Provided data:
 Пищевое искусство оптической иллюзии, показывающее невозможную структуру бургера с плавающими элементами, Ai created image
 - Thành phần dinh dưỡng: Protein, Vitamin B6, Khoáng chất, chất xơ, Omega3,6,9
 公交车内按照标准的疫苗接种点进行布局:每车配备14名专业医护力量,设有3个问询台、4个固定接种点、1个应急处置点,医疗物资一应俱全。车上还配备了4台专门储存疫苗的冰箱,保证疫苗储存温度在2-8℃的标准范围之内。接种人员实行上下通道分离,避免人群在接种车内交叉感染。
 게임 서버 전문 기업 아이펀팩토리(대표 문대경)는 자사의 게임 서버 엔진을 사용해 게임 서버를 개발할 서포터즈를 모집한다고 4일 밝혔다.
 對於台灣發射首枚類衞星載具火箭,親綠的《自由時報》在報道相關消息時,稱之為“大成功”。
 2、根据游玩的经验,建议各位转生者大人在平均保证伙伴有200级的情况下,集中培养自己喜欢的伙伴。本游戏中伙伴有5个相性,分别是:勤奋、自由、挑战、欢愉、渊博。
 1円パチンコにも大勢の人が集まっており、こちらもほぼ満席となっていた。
...
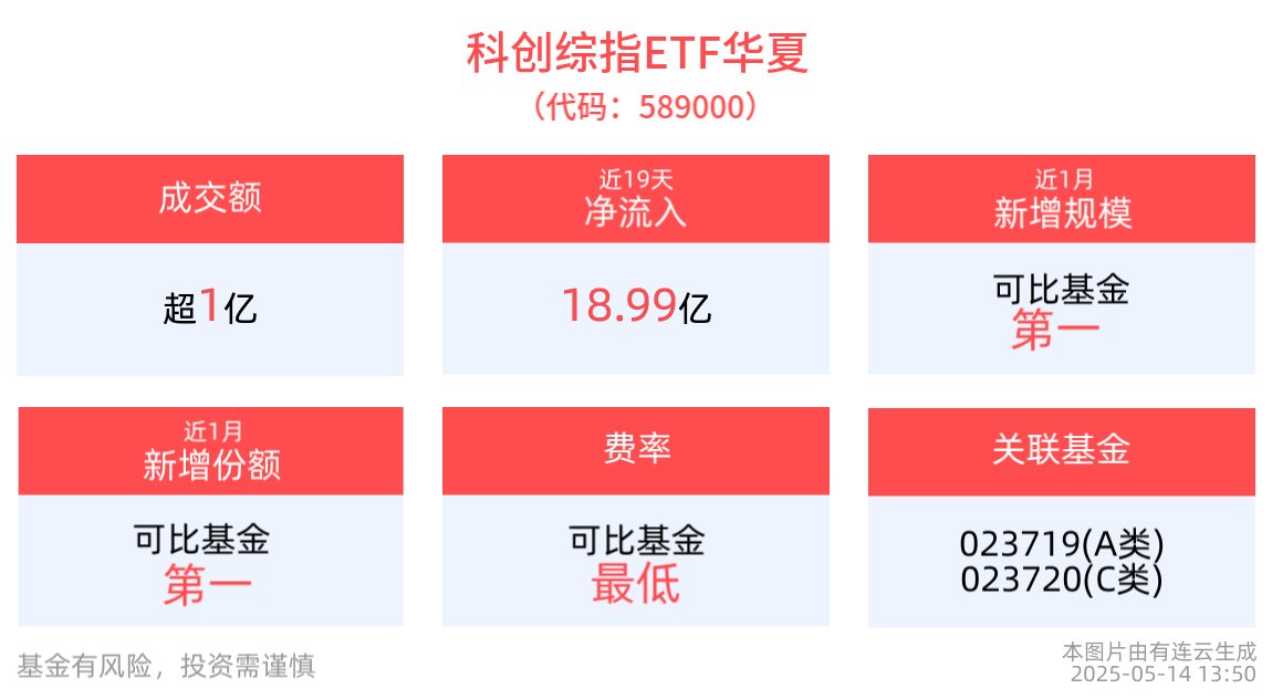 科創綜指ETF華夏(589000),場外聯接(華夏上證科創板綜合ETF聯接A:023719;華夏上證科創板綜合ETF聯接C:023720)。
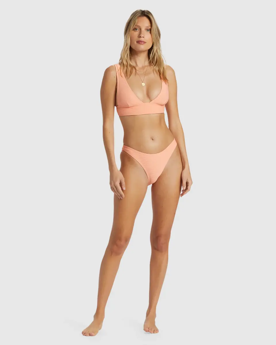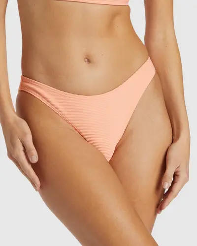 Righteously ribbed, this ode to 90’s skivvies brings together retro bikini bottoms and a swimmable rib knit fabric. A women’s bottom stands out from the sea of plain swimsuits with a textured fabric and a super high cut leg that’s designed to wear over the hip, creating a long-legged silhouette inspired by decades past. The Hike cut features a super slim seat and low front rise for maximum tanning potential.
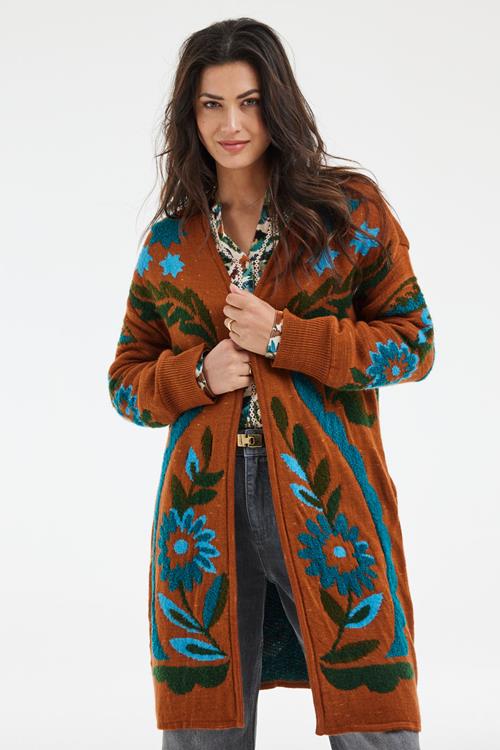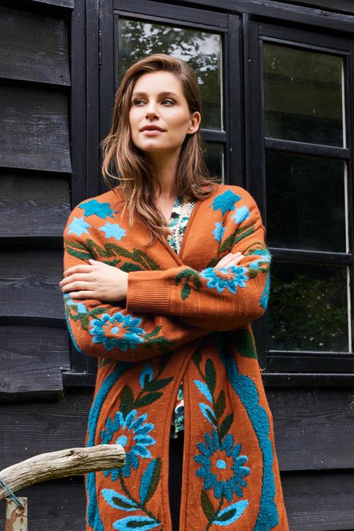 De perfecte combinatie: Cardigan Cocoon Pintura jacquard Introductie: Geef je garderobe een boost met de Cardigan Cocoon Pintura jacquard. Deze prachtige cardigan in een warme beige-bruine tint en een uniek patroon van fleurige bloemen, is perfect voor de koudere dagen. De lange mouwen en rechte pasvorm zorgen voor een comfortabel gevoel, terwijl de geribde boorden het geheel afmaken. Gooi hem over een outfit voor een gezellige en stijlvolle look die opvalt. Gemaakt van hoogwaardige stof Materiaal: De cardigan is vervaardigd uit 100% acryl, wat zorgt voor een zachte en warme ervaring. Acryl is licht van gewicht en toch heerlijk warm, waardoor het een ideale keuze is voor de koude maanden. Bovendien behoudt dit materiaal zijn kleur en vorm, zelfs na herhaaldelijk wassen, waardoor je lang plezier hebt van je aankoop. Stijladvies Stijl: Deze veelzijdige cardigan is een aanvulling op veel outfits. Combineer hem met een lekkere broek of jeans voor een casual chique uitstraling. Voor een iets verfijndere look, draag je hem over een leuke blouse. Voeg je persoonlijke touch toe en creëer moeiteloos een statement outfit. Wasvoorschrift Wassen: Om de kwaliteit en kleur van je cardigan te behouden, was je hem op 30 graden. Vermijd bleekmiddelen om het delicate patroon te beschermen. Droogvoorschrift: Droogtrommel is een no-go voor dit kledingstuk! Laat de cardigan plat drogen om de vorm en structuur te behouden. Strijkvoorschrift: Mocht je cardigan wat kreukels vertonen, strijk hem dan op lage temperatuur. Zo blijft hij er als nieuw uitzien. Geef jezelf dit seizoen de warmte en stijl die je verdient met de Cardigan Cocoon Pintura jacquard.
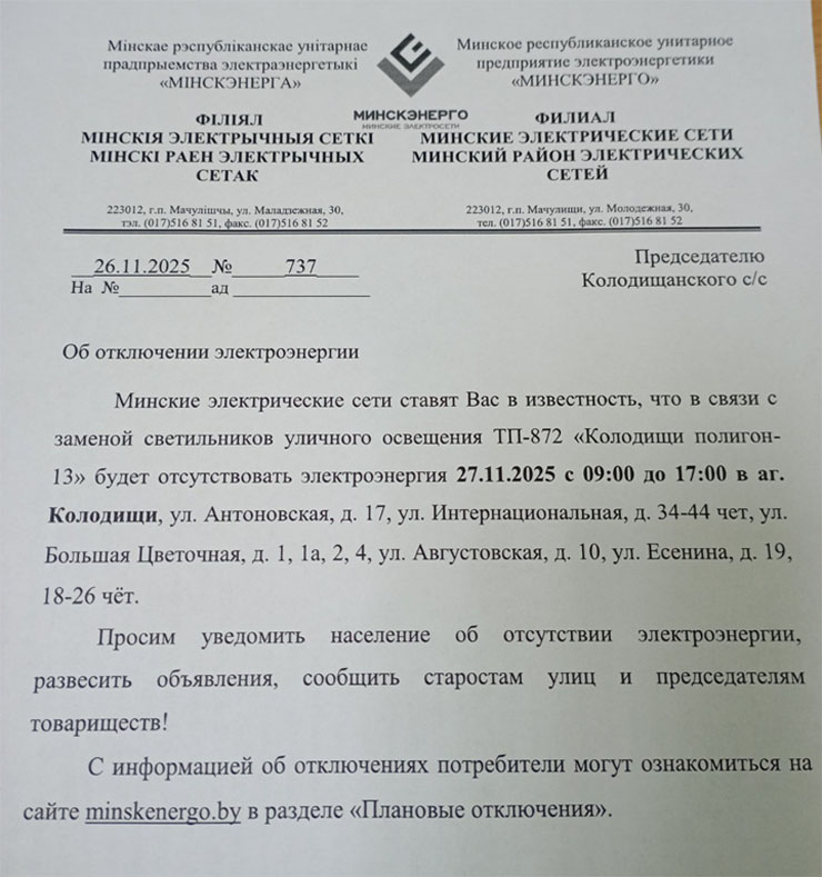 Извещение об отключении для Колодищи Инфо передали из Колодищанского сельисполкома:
==
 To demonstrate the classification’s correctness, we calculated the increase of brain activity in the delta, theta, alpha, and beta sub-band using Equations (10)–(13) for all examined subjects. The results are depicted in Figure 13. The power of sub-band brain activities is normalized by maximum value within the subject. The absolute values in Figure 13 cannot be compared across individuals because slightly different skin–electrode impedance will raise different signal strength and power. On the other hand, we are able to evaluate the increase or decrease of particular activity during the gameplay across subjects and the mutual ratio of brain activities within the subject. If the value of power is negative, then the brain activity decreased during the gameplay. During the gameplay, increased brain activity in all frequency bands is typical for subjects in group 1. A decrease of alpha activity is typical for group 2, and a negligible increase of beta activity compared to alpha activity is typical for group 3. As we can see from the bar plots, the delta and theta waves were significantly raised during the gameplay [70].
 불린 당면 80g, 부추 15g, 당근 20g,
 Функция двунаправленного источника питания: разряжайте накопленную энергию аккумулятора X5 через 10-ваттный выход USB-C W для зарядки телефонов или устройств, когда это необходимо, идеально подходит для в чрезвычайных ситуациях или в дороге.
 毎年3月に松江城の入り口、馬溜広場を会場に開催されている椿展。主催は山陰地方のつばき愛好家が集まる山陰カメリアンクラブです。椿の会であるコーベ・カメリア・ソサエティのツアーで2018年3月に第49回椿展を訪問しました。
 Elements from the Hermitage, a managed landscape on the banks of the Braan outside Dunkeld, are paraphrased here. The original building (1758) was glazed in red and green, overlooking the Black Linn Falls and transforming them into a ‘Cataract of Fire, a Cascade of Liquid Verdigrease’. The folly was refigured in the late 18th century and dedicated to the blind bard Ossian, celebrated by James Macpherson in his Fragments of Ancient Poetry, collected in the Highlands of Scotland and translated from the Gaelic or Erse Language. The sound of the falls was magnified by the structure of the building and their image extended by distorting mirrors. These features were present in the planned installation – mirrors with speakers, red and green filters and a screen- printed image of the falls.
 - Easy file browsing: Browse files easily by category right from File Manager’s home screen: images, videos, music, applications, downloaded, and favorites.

Task description:
Once the line with "- Thành phần" is found in the records above, print exactly that line and every line after it through the line with "對於台灣發射首枚類衞星載具火".

Response box:
 - Thành phần dinh dưỡng: Protein, Vitamin B6, Khoáng chất, chất xơ, Omega3,6,9
 公交车内按照标准的疫苗接种点进行布局:每车配备14名专业医护力量,设有3个问询台、4个固定接种点、1个应急处置点,医疗物资一应俱全。车上还配备了4台专门储存疫苗的冰箱,保证疫苗储存温度在2-8℃的标准范围之内。接种人员实行上下通道分离,避免人群在接种车内交叉感染。
 게임 서버 전문 기업 아이펀팩토리(대표 문대경)는 자사의 게임 서버 엔진을 사용해 게임 서버를 개발할 서포터즈를 모집한다고 4일 밝혔다.
 對於台灣發射首枚類衞星載具火箭,親綠的《自由時報》在報道相關消息時,稱之為“大成功”。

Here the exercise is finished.